Naturally, she was tired and upset about it! She's sent me some pictures which aren't great, but thought I'd seek your opinion / advice on the best route forward here. The damage looks repairable in my opinion... the scratches look deep but could be rectified with the pot I have from Paints4u from touching up her stone chips - building up the layers, flatting back carefully and polishing up. However, the panel itself looks squashed inwards and the trim looks a bit scuffed. The bonnet edge also has scratches but again, this could be sorted with the paint and some TLC.

There seems to be reasonable space in the engine bay to get tools behind the panel, but I'm wondering if this is too much of a job for a PDR guy, and if I'd be better just getting a new panel and the car into a bodyshop?

Any thoughts? I asked her to get a slightly 'wider angle' of the car but hopefully you can see roughly where it is... it's on the panel between passenger door and bonnet... sort of a front wing so to speak.

Also, I'm based in Wantage, Oxon, so any recommendations greatly appreciated.


----------



## steve204me (Jul 19, 2013)

Her definition of "grazed" differs from mine. 


Best of luck with it. 



Steve.


----------



## Anatonic (Mar 8, 2010)

Yeah! I'm waiting to get home and see it in person before the light fades, but you have to love it... like when the washing machine was apparently leaking a little water... only to find a flooded garage!!


----------



## Sicskate (Oct 3, 2012)

That's a whopping big dent.


----------



## [email protected] (Aug 31, 2013)

The dent can be done by PDR, but would deffo need painting, looks like gone down to the metal


----------



## craigeh123 (Dec 26, 2011)

grazed lol ! its like shes used that to soften the blow ! 

next renewal im going to put my write of as a minor bumper scuff lol 

all the best getting it sorted i reckon a decent pdr and a smart repair job done be cheaper than throwing it in bodyshop


----------



## Anatonic (Mar 8, 2010)

Yeah two of the marks are down to metal, the others aren't as bad and you can't catch a nail on them - it's like a chalky paint off the post.
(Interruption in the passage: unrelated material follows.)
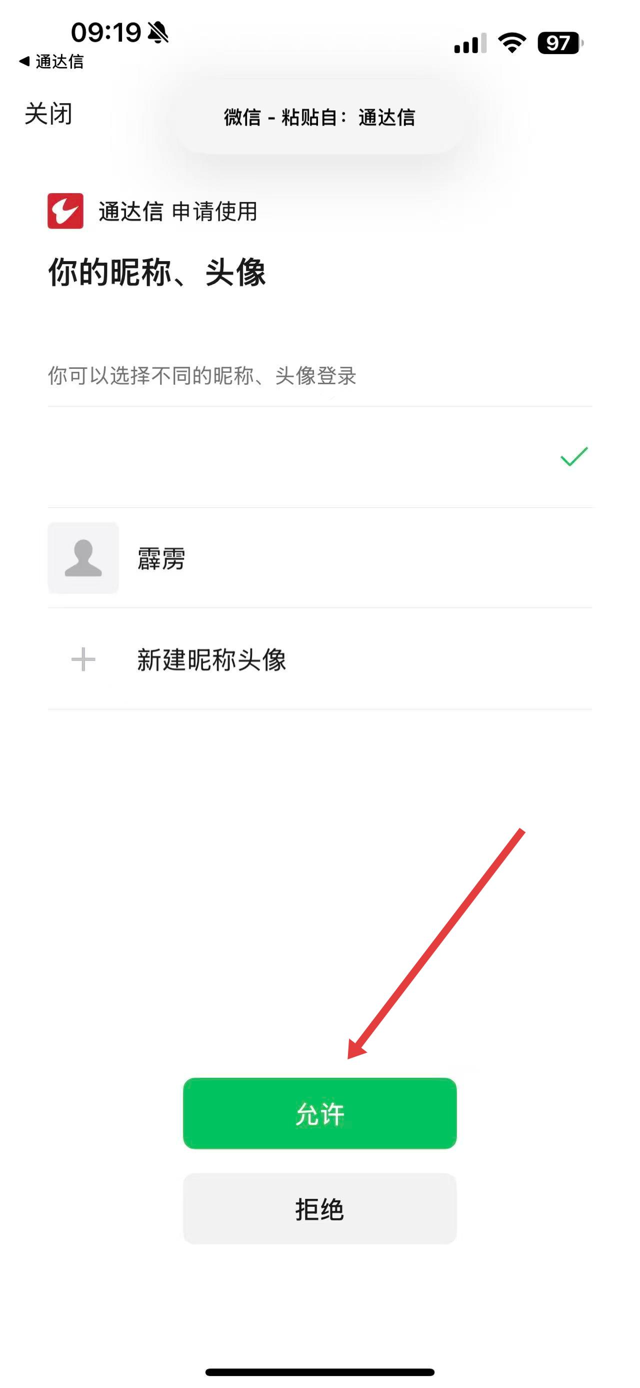 4、页面跳转后,在弹出的微信授权界面中,点击允许按钮,即可完成微信与通达信账户的绑定。
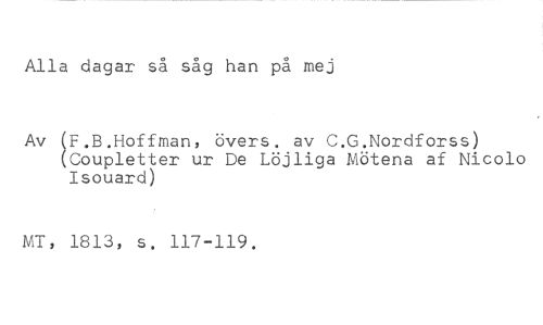 Alla dagar så såg han på mej //// Av (F.B.Hoffman, övers, av C.G.Nordforss) (Coupletter ur De Löjliga Mötena af Nicolo Isouard) //// MT, 1813, s. 117-119.

Found I can get the panel itself for around £100 and then sprayed up and fitted at extra cost. So it's not the end of the world cost wise depending on the quote for getting the dent out... Might be worth just changing the panel and job done...

Cheers guys!


----------



## Glaschu (Sep 16, 2012)

Anatonic said:


> Yeah two of the marks are down to metal, the others aren't as bad and you can't catch a nail on them - it's like a chalky paint off the post.
> 
> Found I can get the panel itself for around £100 and then sprayed up and fitted at extra cost. So it's not the end of the world cost wise depending on the quote for getting the dent out... Might be worth just changing the panel and job done...
> 
> Cheers guys!


I'd be ringing round some of the specialist MINI breakers and trying to source a secondhand panel in the correct colour, I doubt it would be more that £30 or so....


----------



## Dift (May 22, 2011)

Glaschu said:


> I'd be ringing round some of the specialist MINI breakers and trying to source a secondhand panel in the correct colour, I doubt it would be more that £30 or so....


This.


----------



## Natalie (Jan 19, 2011)

craigeh123 said:


> grazed lol ! its like shes used that to soften the blow !


She's doing it wrong, I grazed the OH's bumper once - so I rang him up and made it sound really really bad, then when he saw it it was nowhere near as bad as he was expecting


----------



## squiggs (Oct 19, 2009)

Natalie said:


> She's doing it wrong, I grazed the OH's bumper once - so I rang him up and made it sound really really bad, then when he saw it it was nowhere near as bad as he was expecting


Women never tell blokes the truth - and us blokes kinda know that! :lol:
..... It's just that we never know if the truth is going to be better or worse than what you first tell us


----------